Start of PROVIDED RECORDS

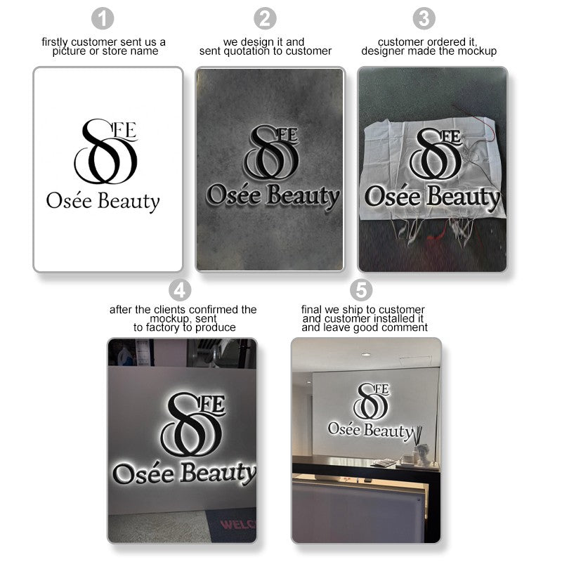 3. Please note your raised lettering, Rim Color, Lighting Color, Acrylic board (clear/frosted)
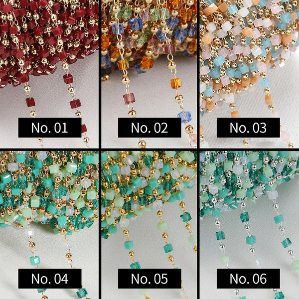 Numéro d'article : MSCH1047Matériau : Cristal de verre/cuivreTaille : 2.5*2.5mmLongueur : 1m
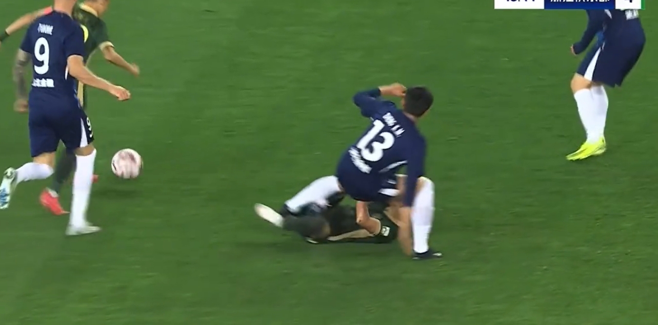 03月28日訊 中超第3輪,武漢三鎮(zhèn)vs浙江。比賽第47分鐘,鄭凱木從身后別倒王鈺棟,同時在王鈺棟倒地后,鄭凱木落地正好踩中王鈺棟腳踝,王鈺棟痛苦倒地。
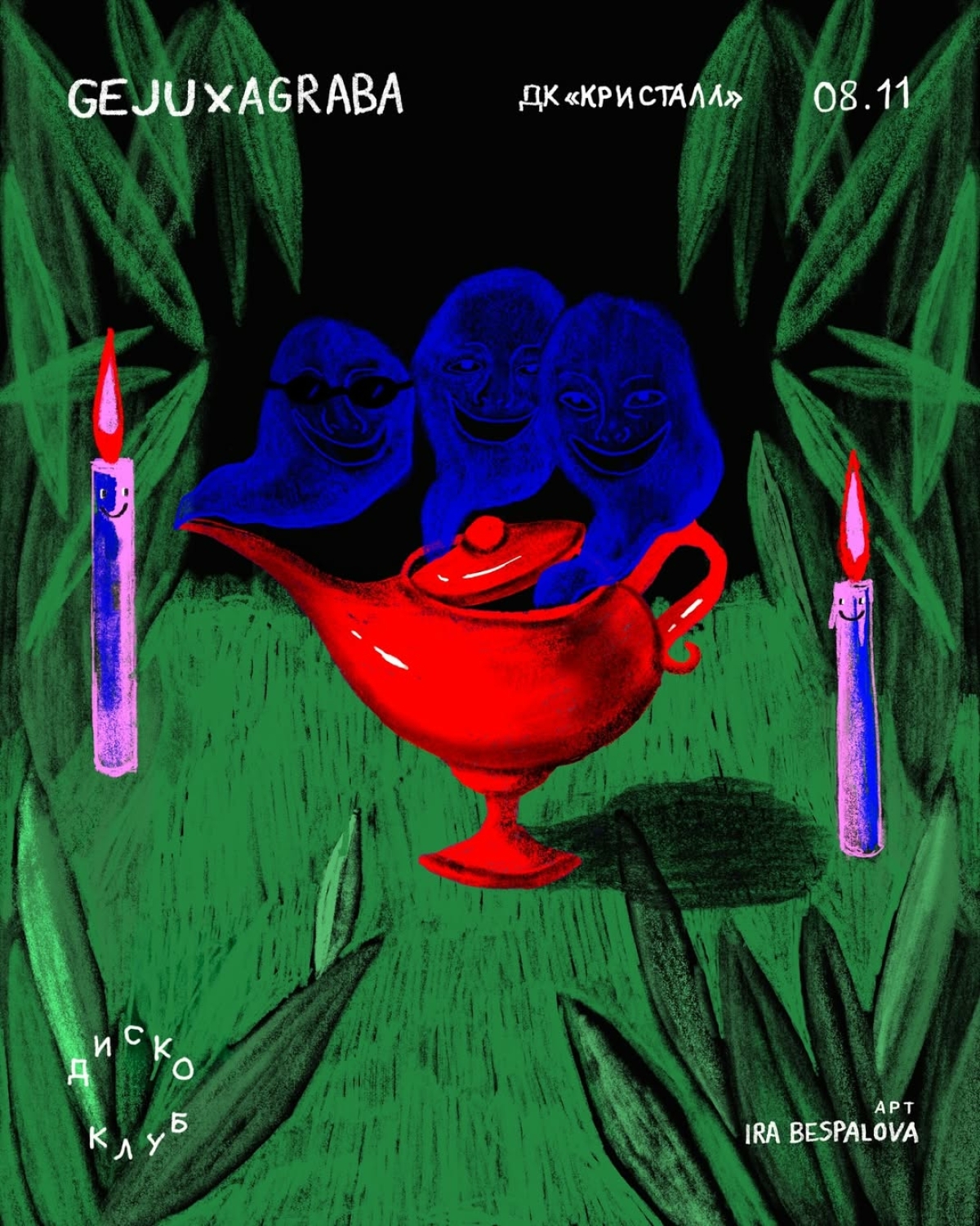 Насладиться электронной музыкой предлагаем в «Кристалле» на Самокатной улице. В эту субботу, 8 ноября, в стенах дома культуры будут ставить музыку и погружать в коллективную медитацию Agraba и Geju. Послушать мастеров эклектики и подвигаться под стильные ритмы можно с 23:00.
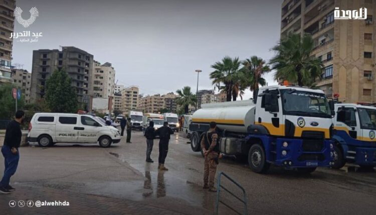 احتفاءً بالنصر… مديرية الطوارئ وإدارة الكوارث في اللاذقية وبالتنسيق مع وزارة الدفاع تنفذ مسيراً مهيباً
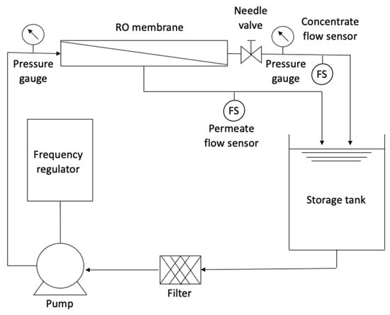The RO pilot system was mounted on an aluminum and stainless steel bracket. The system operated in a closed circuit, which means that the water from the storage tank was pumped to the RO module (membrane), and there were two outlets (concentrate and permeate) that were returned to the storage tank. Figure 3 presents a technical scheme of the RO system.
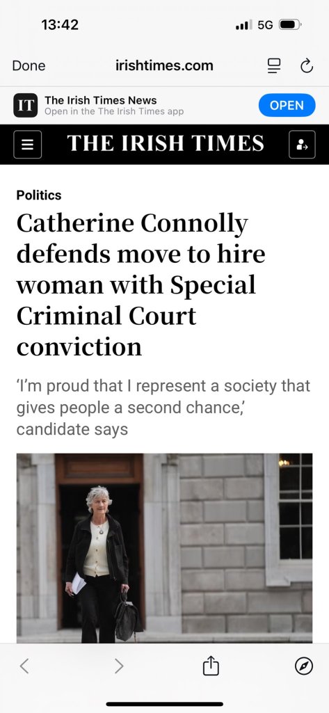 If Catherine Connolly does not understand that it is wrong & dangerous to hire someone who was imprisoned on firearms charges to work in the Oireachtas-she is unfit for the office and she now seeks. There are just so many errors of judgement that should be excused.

End of PROVIDED RECORDS
Start of PROVIDED RECORDS

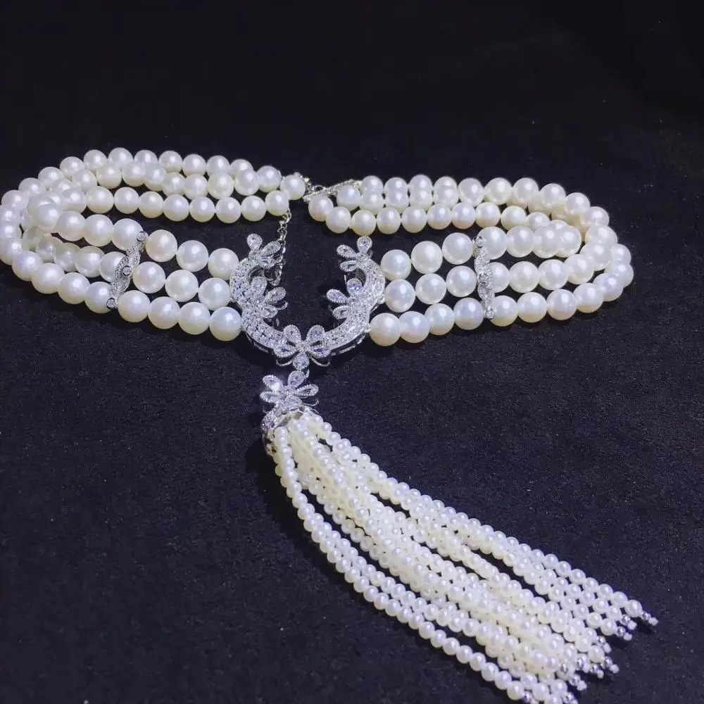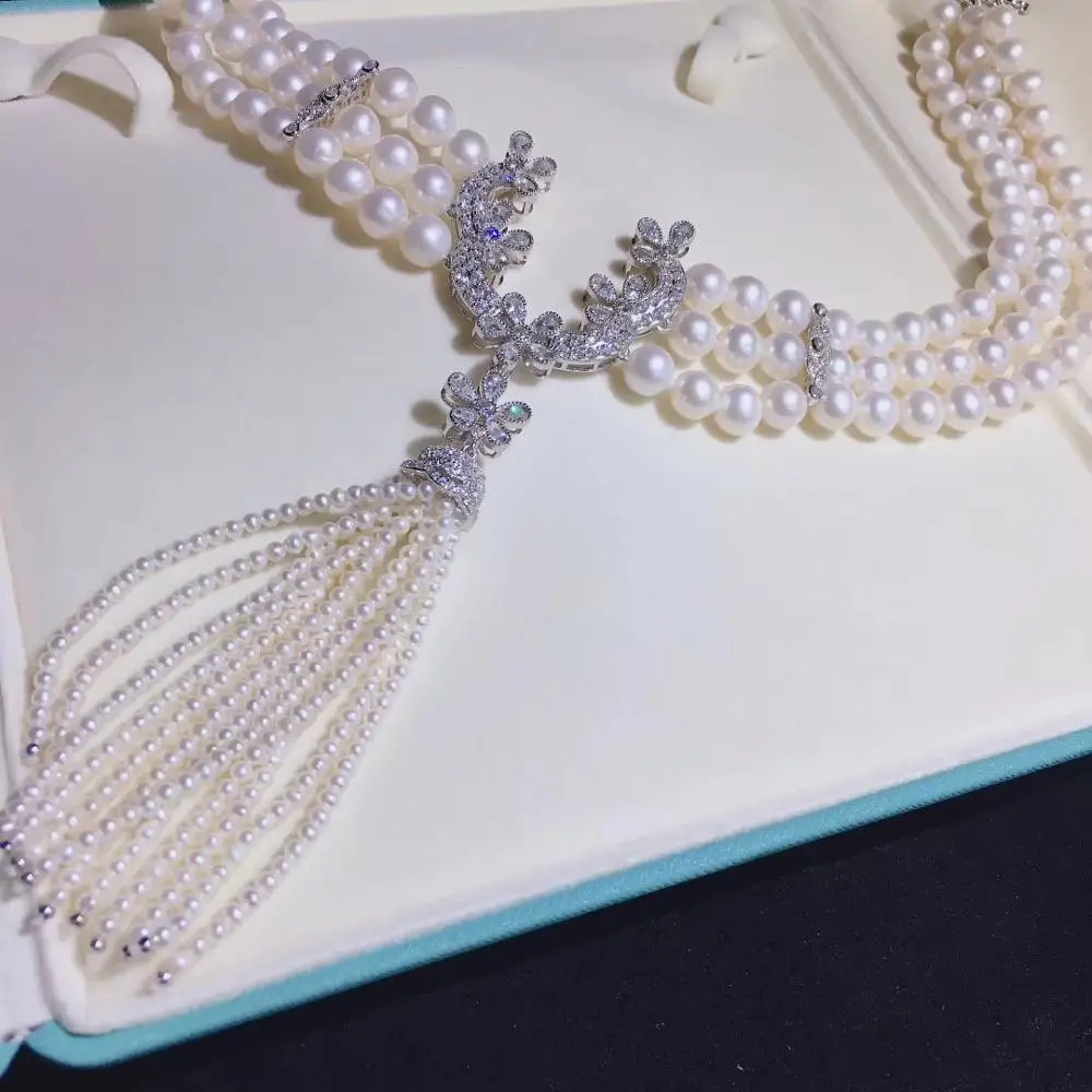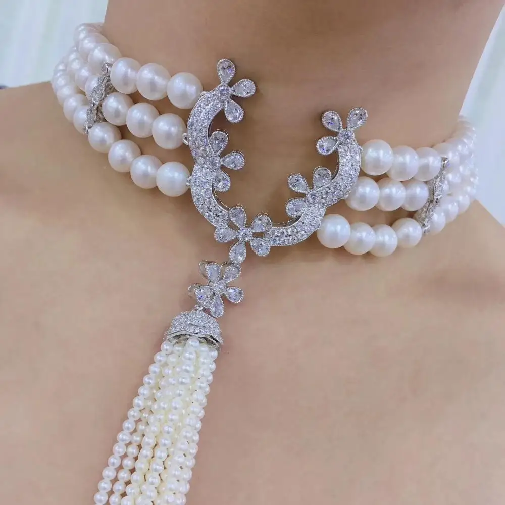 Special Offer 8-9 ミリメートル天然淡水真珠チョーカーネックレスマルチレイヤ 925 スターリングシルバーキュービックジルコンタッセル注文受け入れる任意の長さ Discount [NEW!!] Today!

End of PROVIDED RECORDS

* _ASSIGNED TASK_
In the data above, take the line with "3. Please note", the line with "03月28日訊 中超第3輪,武漢三鎮(z", and every line between, and set them down exactly without pictures.

* _ANSWER SECTION_
 3. Please note your raised lettering, Rim Color, Lighting Color, Acrylic board (clear/frosted)
 Numéro d'article : MSCH1047Matériau : Cristal de verre/cuivreTaille : 2.5*2.5mmLongueur : 1m
 03月28日訊 中超第3輪,武漢三鎮(zhèn)vs浙江。比賽第47分鐘,鄭凱木從身后別倒王鈺棟,同時在王鈺棟倒地后,鄭凱木落地正好踩中王鈺棟腳踝,王鈺棟痛苦倒地。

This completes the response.